◆ Task ◆
Leaving out every picture, copy the lines of the data exactly, from the first through the line containing "The Laramie trim".

◆ Stored records ◆
────────────────────

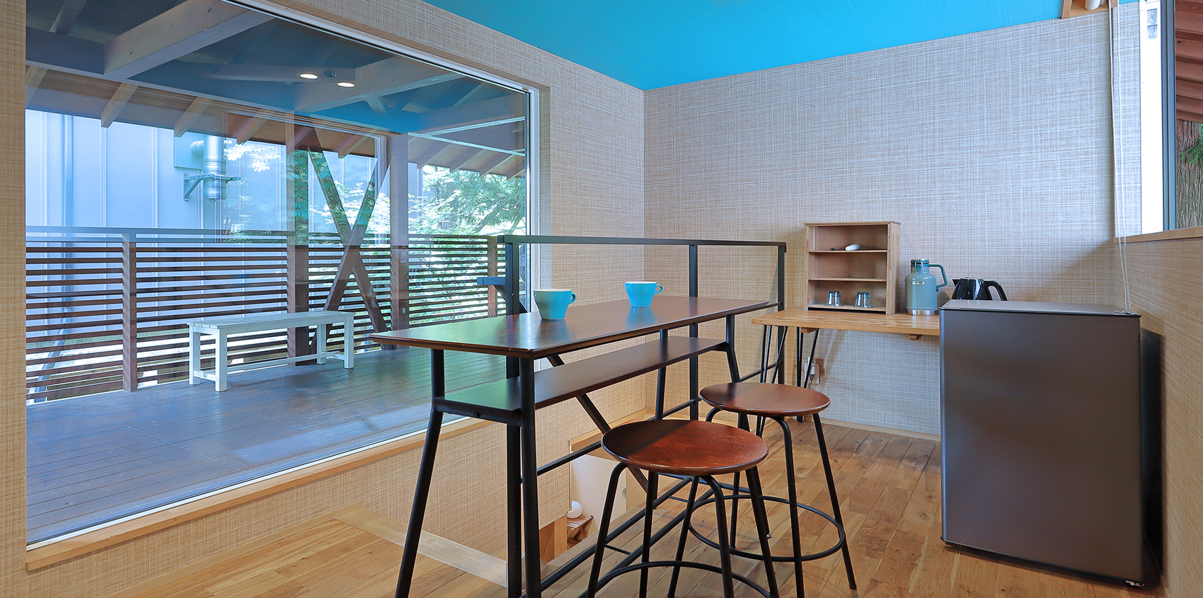 まるで隠れ家の様な雰囲気に、ゆったりだるまチェアーがございます。お部屋の中で旅の計画を練るのも良し、テラスで森林浴も良し。色々な雰囲気を楽しむ事の出来るお部屋となっております。
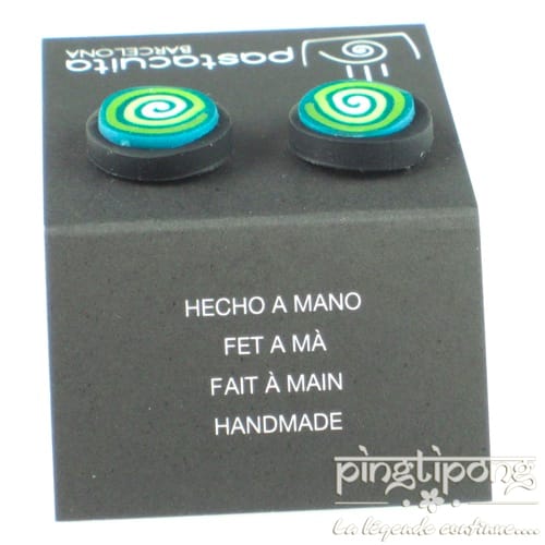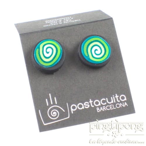 Jolies petites boucles d’oreilles rondes vertes et jaunes de marque « Pastacuita ».
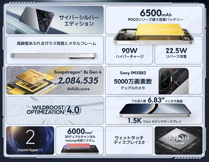 AnTuTuベンチ 約208万のSnapdragon 8s Gen 4採用や90W急速充電対応6500mAh大容量バッテリー、光学手振補正付き50MPカメラなどが特徴です。防水防塵(IP68)、OSはAndroid 15(Xiaomi HyperOS 2)、ハイレゾ、ステレオスピーカー、接続端子はUSB Type-C、イヤホン端子はなし、生体認証は指紋認証と顔認証に対応しています。
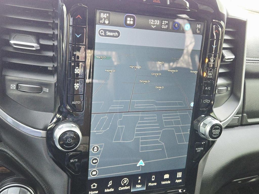 The Laramie trim level elevates this Ram 1500 with a host of premium features that prioritize comfort, convenience, and technology. The dual-pane panoramic sunroof lets you enjoy the great outdoors, while the 12-inch touchscreen display with Uconnect 5 navigation keeps you connected and informed. The premium harman/kardon sound system provides an immersive audio experience, and the blind spot and cross-path detection systems help you navigate with confidence.
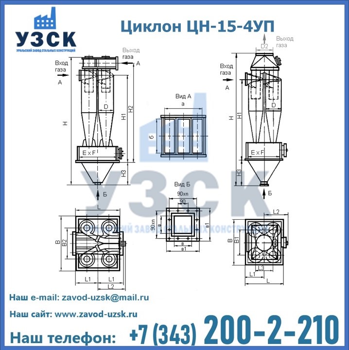 Завод «УЗСК» в Туркестане предлагает большой выбор циклонов ЦН-15-900×4УП и прочих устройств, полностью укомплектованных и готовых к эксплуатации. Мы гарантируем соответствие оборудования всем требованиям ГОСТ и ТУ, износостойкость и высокую производительность предлагаемого оборудования. Уральский Завод Стальных Конструкций изготавливает и продает надежное, эффективное и производительное оборудование, имеющее длительную гарантию и большой эксплуатационный ресурс. Если требуется изготовить циклон нестандартных размеров, то такой вариант выполнения заказа тоже предусмотрен, так как предприятие имеет собственные производственные площади и надежных поставщиков. На все поставляемое или производимое оборудование имеются чертежи и прочая техническая документация. Заказать и купить циклоны или прочее оборудование высокого качества и по доступной цене можно через наш сайт или по указанному в разделе «Контакты» телефону.
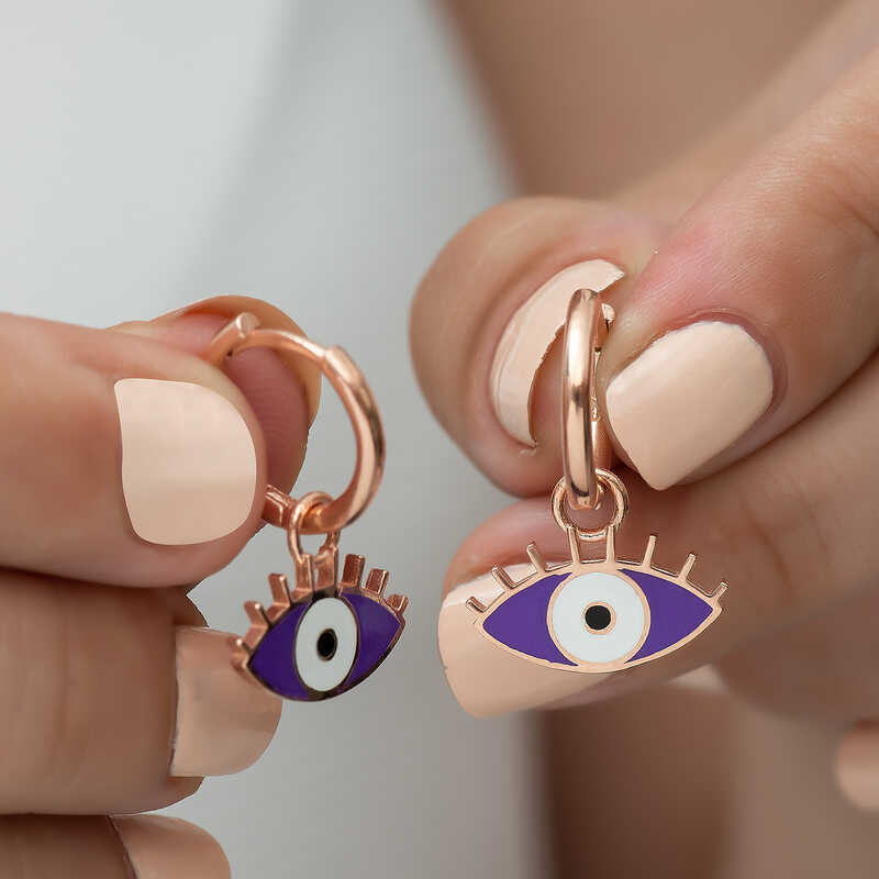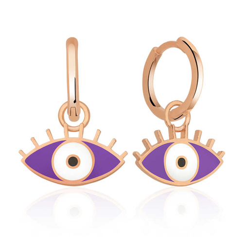 Silver Phosphorescent Purple Eye EarringsThis collection includes the most special earring models designed in accordance with fashion for women who care about their appearance. You can create a dazzling and charming style with earring models, each appealing to a different style and use. Phosphorescent purple eye earrings are among the unique models that can adapt to the style of young people and women who feel young. This earring is a perfect option for a birthday gift, Valentine's Day gift or on special occasions. Silver phosphorescent purple eye women's earrings are made of 925 sterling silver. Rose plated silver. Rose plated silver earring models preserve their shine for a long time and oxidation is delayed. Like all women's earrings, this earring model is also handmade. Due to silver and precious stones, there may be a ± 10% deviation in the average product weight.Width: 1.70 cmLength: 2.50 cmAverage Weight: 5.25 gr.

────────────────────

◆ Result ◆
 まるで隠れ家の様な雰囲気に、ゆったりだるまチェアーがございます。お部屋の中で旅の計画を練るのも良し、テラスで森林浴も良し。色々な雰囲気を楽しむ事の出来るお部屋となっております。
 Jolies petites boucles d’oreilles rondes vertes et jaunes de marque « Pastacuita ».
 AnTuTuベンチ 約208万のSnapdragon 8s Gen 4採用や90W急速充電対応6500mAh大容量バッテリー、光学手振補正付き50MPカメラなどが特徴です。防水防塵(IP68)、OSはAndroid 15(Xiaomi HyperOS 2)、ハイレゾ、ステレオスピーカー、接続端子はUSB Type-C、イヤホン端子はなし、生体認証は指紋認証と顔認証に対応しています。
 The Laramie trim level elevates this Ram 1500 with a host of premium features that prioritize comfort, convenience, and technology. The dual-pane panoramic sunroof lets you enjoy the great outdoors, while the 12-inch touchscreen display with Uconnect 5 navigation keeps you connected and informed. The premium harman/kardon sound system provides an immersive audio experience, and the blind spot and cross-path detection systems help you navigate with confidence.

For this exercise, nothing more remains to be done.